*** Block opens ***

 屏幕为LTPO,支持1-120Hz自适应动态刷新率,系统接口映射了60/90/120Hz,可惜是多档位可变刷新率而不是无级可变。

*** Block closes ***
*** Block opens ***

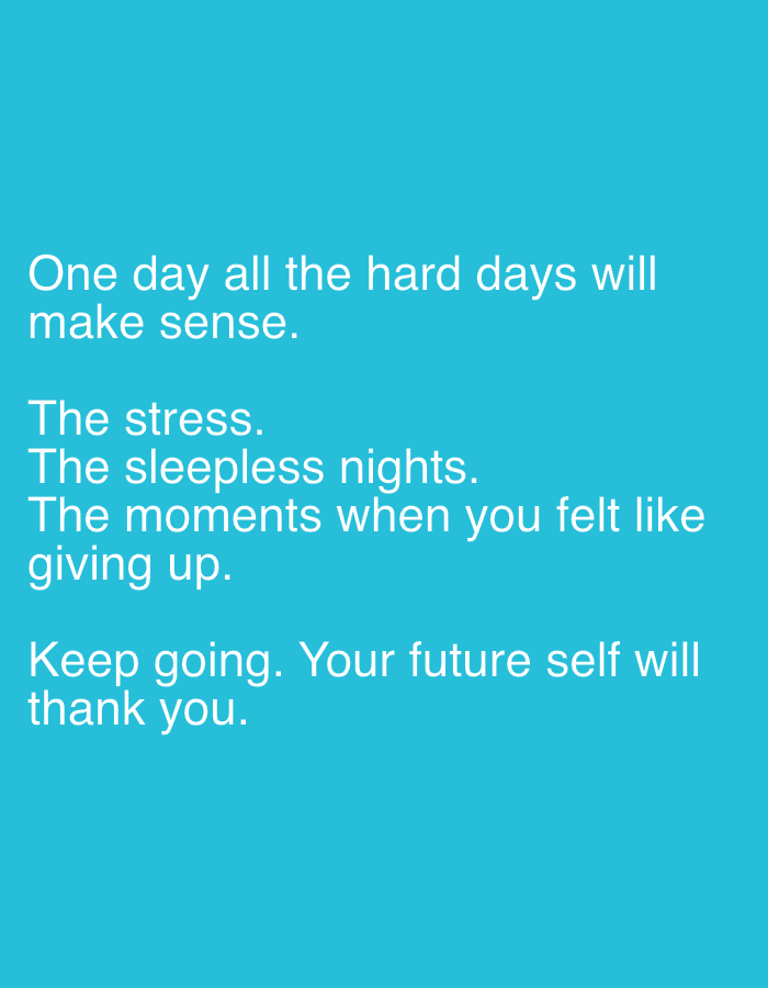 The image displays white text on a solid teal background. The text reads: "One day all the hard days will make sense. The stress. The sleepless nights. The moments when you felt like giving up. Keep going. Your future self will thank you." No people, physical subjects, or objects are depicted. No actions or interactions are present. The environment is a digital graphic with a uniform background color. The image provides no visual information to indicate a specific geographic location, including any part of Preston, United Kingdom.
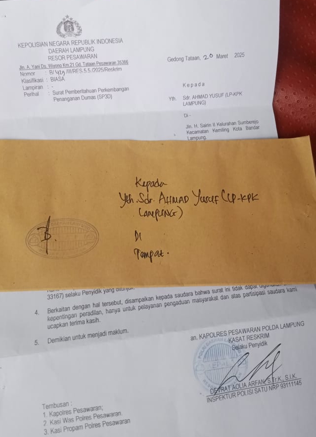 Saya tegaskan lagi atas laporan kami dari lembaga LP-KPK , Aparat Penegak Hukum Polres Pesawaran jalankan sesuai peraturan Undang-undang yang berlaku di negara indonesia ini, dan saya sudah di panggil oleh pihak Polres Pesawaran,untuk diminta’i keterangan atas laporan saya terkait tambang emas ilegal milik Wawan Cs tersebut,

*** Block closes ***

> **WORK TO BE COMPLETED**
How would the lines above read from the one with "The image displays" to the one with "Saya tegaskan lagi", inclusive, with no pictures? Write them out exactly.

> **TASK RESULT**
 The image displays white text on a solid teal background. The text reads: "One day all the hard days will make sense. The stress. The sleepless nights. The moments when you felt like giving up. Keep going. Your future self will thank you." No people, physical subjects, or objects are depicted. No actions or interactions are present. The environment is a digital graphic with a uniform background color. The image provides no visual information to indicate a specific geographic location, including any part of Preston, United Kingdom.
 Saya tegaskan lagi atas laporan kami dari lembaga LP-KPK , Aparat Penegak Hukum Polres Pesawaran jalankan sesuai peraturan Undang-undang yang berlaku di negara indonesia ini, dan saya sudah di panggil oleh pihak Polres Pesawaran,untuk diminta’i keterangan atas laporan saya terkait tambang emas ilegal milik Wawan Cs tersebut,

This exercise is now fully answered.